In some cases, previously approved proteins have been PEGylated to create longer acting variants that require less frequent administration. For example, turoctocog alfa (NovoEight, FDA-approved in 2013), used for treating hemophilia A, was transformed into a longer-acting drug turoctocog alfa pegol (Esperoct, FDA approval in 2019)45. Early work in the PEGylation field largely modified proteins in a nonspecific fashion through conjugation of amino handles on lysines and the N-terminus20. Moreover, the PEG starting materials generally consist of a mixture of various length chains. This presents a challenge as the resultant heterogeneous pool of products can have vastly differing therapeutic properties. In this regard, later efforts focused on the site-specific modification of proteins towards overcoming these drawbacks46. One example is certolizumab pegol (Cimzia), containing an engineered unpaired cysteine for conjugation to PEG47.

PEGylation can negatively affect protein activity, in some cases with loss of up to ~99% activity48. Moreover, some reports have claimed that PEG itself can be immunogenic, which has motivated research into the use of non-PEG polymers as an alternative (vide infra)49. PEGylation also raises concerns about unwanted PEG accumulation in vivo. To alleviate this issue, some researchers have explored the incorporation of biocleavable moieties into PEG chains14,50.

Fc fusion

Fc-fusion proteins constitute a class of engineered therapeutics wherein the Fc region of an antibody is fused to a biologically active protein or peptide. Typically, Fc-fusion is done to enhance circulation half-life. The Fc moiety is able to extend circulation half-life by increasing the hydrodynamic diameter of the fusion-protein to slow kidney filtration and via interaction with the FcRn receptor. Two examples of this approach are efmoroctocog alfa (Eloctate) and eftrenonacog alfa (Alprolix), both of which are FDA-approved.

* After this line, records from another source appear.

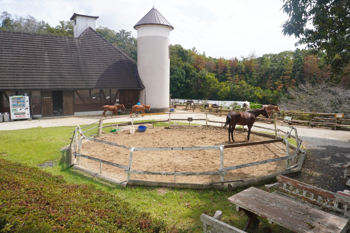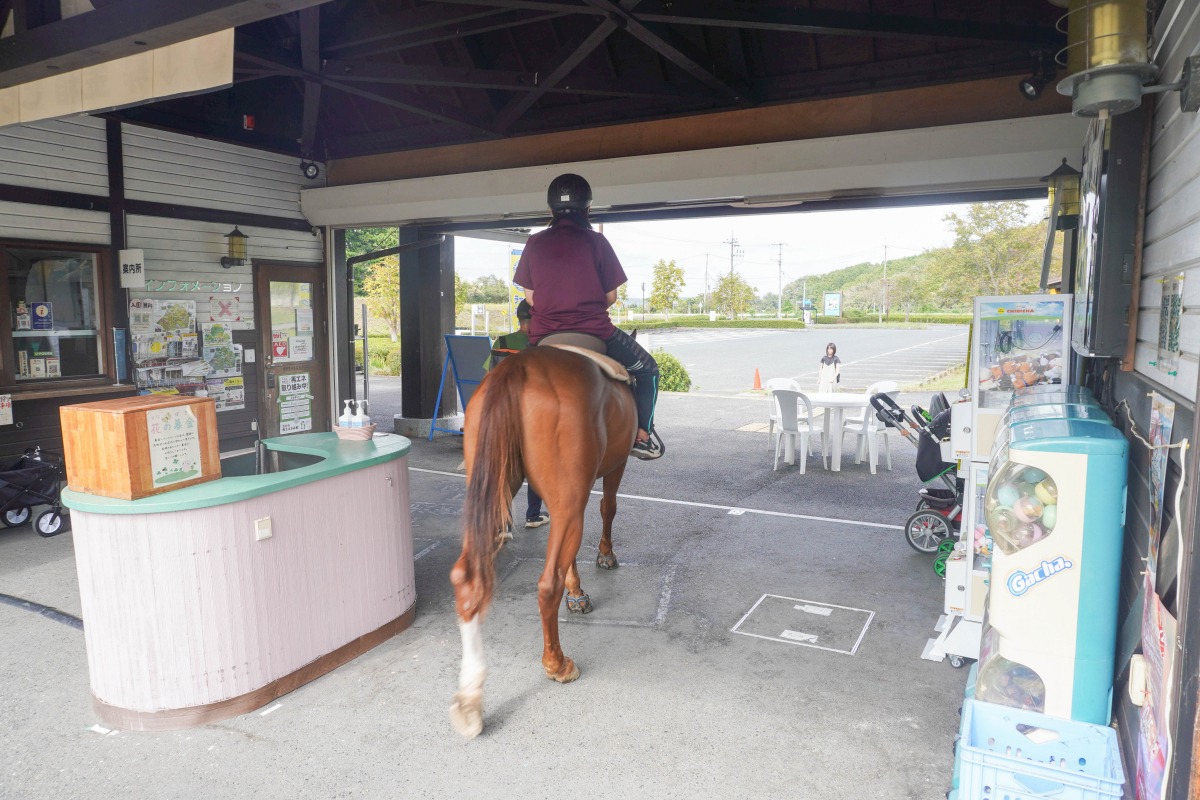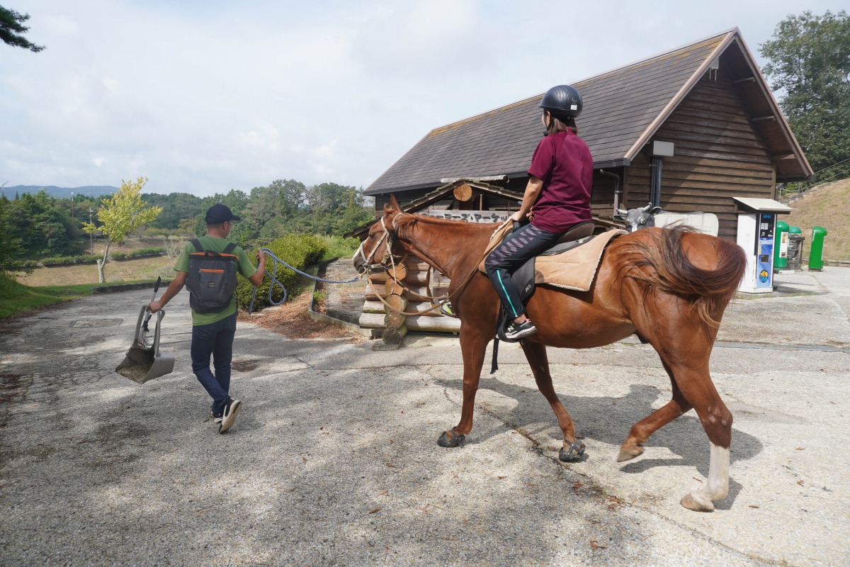 勝央町にある「おかやまファーマーズマーケット・ノースヴィレッジ」内の乗馬クラブ「にんにんホーススクール」で、乗馬とマスカット収穫を組み合わせたユニークなプログラム「ぶどうトレッキング」を体験してきました。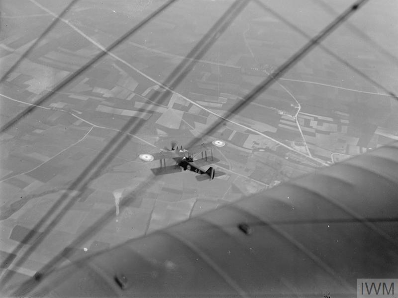A nice in-flight view of the venerable RE8 observation (and sometimes night bomber) aircraft – a true stalwart of the RFC/RAF in WW1. (IWM Q12175)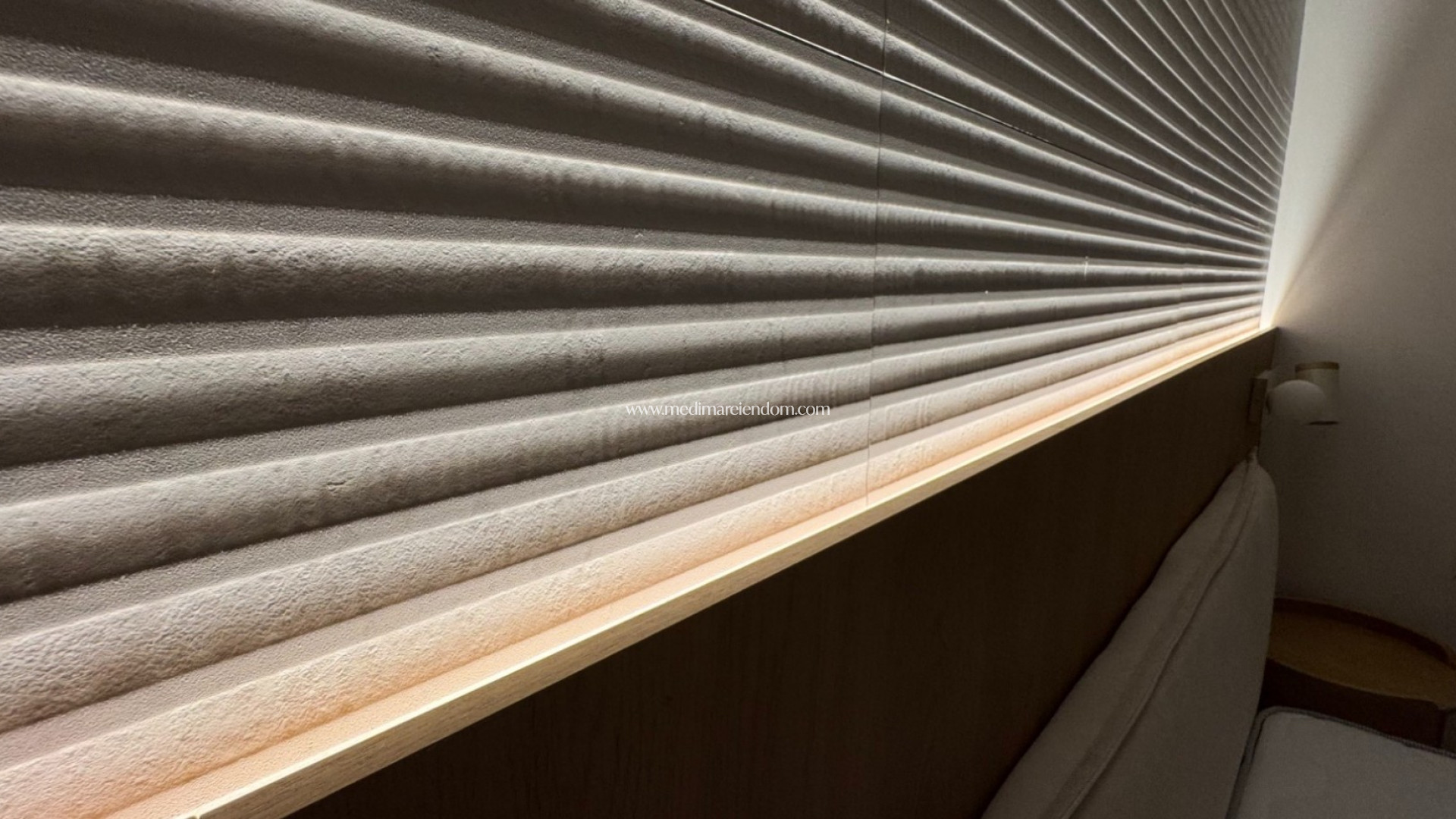 Denne totalrenoverte hjørneleiligheten i 6. etasje ligger bare 500 meter fra Middelhavet, og tilbyr privatliv, naturlig lys og panoramautsikt i et av de mest prestisjefylte områdene i Punta Prima. Den forhøyede toppetasjen og hjørneplanløsningen gir åpen utsikt over havet, saltsjøer, fjell og byens silhuett, med soloppganger og solnedganger synlige hele året. Leiligheten drar nytte av utmerket naturlig lys og en sterk følelse av åpenhet både dag og natt. Eiendommen har et bebygd areal på 70 m² og har blitt renovert til en høy standard. Alle vinduer åpner direkte ut mot terrassen, noe som skaper en sømløs innendørs-utendørs forbindelse og eliminerer interne terrasser. Panoramavinduer med lydisolasjon sikrer utmerket akustisk komfort samtidig som de opprettholder åpen utsikt. Interiøret har moderne designermøbler, natursteinselementer og store porselensfliser. Det fullt utstyrte kjøkkenet inkluderer induksjonstopp og kvalitetsapparater. Komfort sikres med inverter klimaanlegg med WiFi-kontroll, en programmerbar kjele og god isolasjon. Leiligheten selges fullt møblert og klar til umiddelbar bruk. Bygningen har heis og et felles svømmebasseng. En fullstendig fasaderenovering pågår for tiden og er fullt betalt, uten ekstra kostnader for den nye eieren. Leiligheten har turistlisens, og ny lisens kan utstedes på nytt etter hvert som lisenser utstedes i denne bygningen. Inngjerdet felles parkeringsplass med tak er tilgjengelig på stedet. En valgfri underjordisk parkeringsplass kan kjøpes for €10 000.

Compared to conventional coagulation Factor VIII proteins, Eloctate exhibits ~1.4–1.8 fold enhanced circulation time, leading to a less frequent requirement for patient injection51. Alprolix shows a more significant change, exhibiting ~3-fold higher circulation time than unmodified Factor IX protein52. The addition of the Fc moiety can also help drive effector response (ADCC, ADCP, etc.) towards the creation of more potent protein therapeutics53,54. Another potential benefit of Fc fusions is illustrated by etanercept (Enbrel), an FDA-approved TNF-α blocker for treating inflammatory conditions. Here, the TNF-α receptor is fused to an Fc moiety which then dimerizes due to disulfide bond formation between Fc groups. This dimerization leads to a structure that has significantly higher affinity for TNF-α compared to the receptor alone55.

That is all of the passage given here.